The only thing that could’ve happened is Syncthing restarting on either DS9 or enterprise-e, because I was also adding someone else to a separate shared folder.
Interestingly enough, my little experiment worked. Between enterprise and enterprise-e (both running 0.10.29), they seemed to figure out the temp files issue, and all three machines have started syncing. I then stopped Syncthing on enterprise, just to see if enterprise-e and ds9 would sync again, and they are. So something with the temporary files between the two stopped all syncing from happening with no logged messages for a while.
What I have noticed, though, in all instances, is the machine that has the files has low CPU usage (which goes up when it has to share with multiple machines). The machine(s) receiving the files have high CPU usage. Does that make sense?
The machine receiving verifies blocks received (that they match the hash), the sending machine just reads files so no load at all.
Regarding 3 devices stopping to work, no clue, but if you have 100% reproducible steps, I guess we could fix it.
Okay, so basically, when you have lots of small files, comparing their cryptographic hashes takes as much processing power as it would for very big files. So what you see is very little bandwidth used and lots of processor on the receiving side.
Regarding the 3 devices, it was only two that stopped. When I added the third device, somehow those rename errors surfaced, Syncthing figured out what the problem was, and syncing began again among the original 2, as well as with the third. So I’m not sure if I have anything reproducible at this point.
All right; last night, the two original machines (enterprise-e and DS9) finished syncing. If I add enterprise to the cluster today, will it sync faster if all three machines are online, or if only the server (DS9) is online?

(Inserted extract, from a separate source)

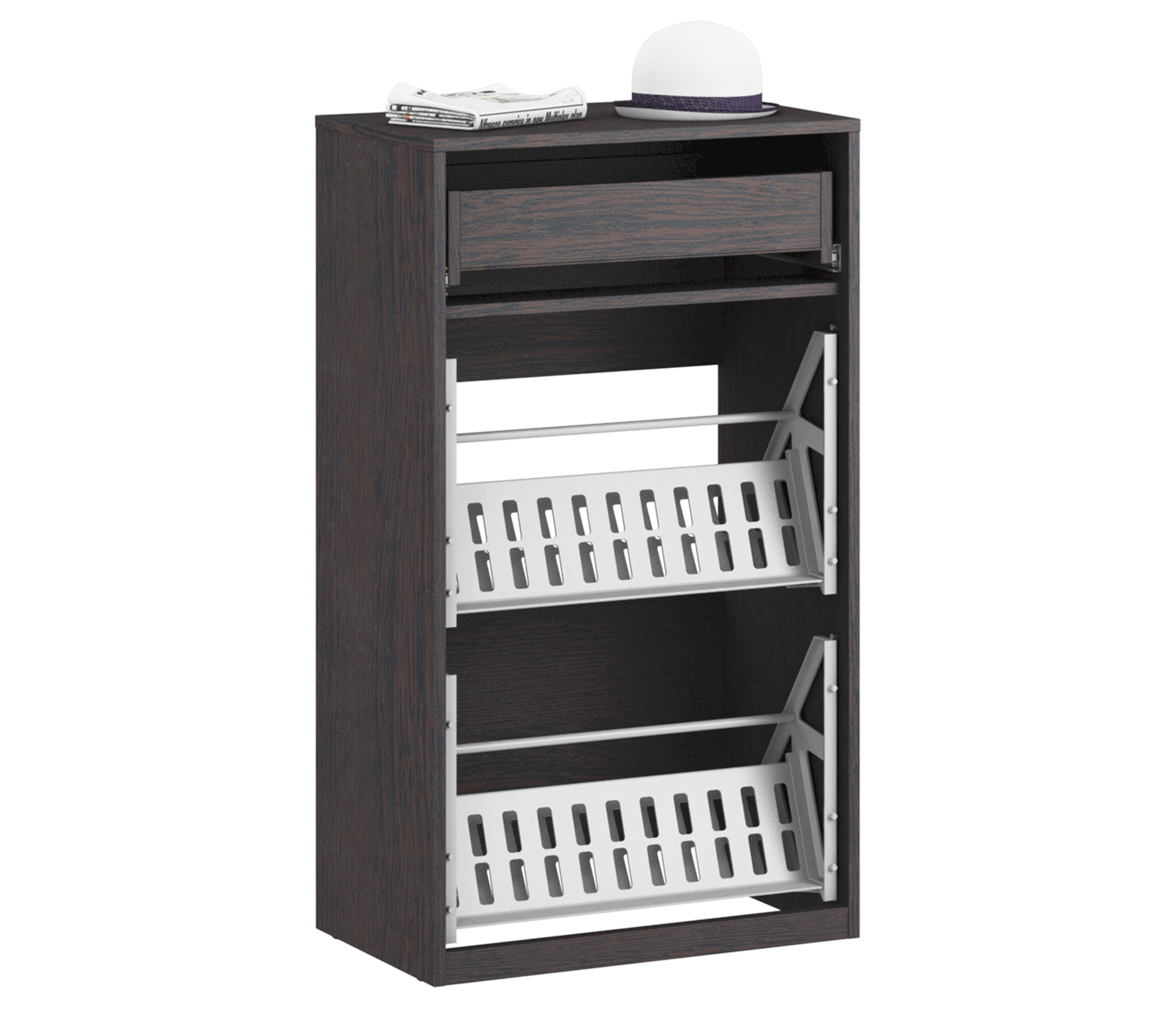 Тумба для обуви Афина СБ-2235 – настоящая находка для прихожей или коридора. Компактная модель не занимает много места, но в то же время обеспечивает достаточно пространства для хранения обуви всех домочадцев. Дополнительно присутствует верхний выдвижной ящик, в котором поместятся любые мелочи, неизменно «обитающие» в комнате: ключи, квитанции, фонарик и т. д.

If all three devices are online, enterprise will get the data from enterprise-e and ds9 simultaneously.
Normally this would mean, that the transfer is faster. But as you stated yesterday, when transferring many small files, the receiving device gets high CPU. Because of that it can be, that you will not see a real difference, as the CPU of enterprise will be the limiting factor.
Oddly enough, when I tested the transfer speed with a single big file, the sending device had full CPU load, while the receiving only had reasonable load.
Well, because of the different capabilities of the machines, (DS9 is old and slow), enterprise does seem to be syncing faster, and is only at 50% CPU, while poor DS9 is pinned at 100% again.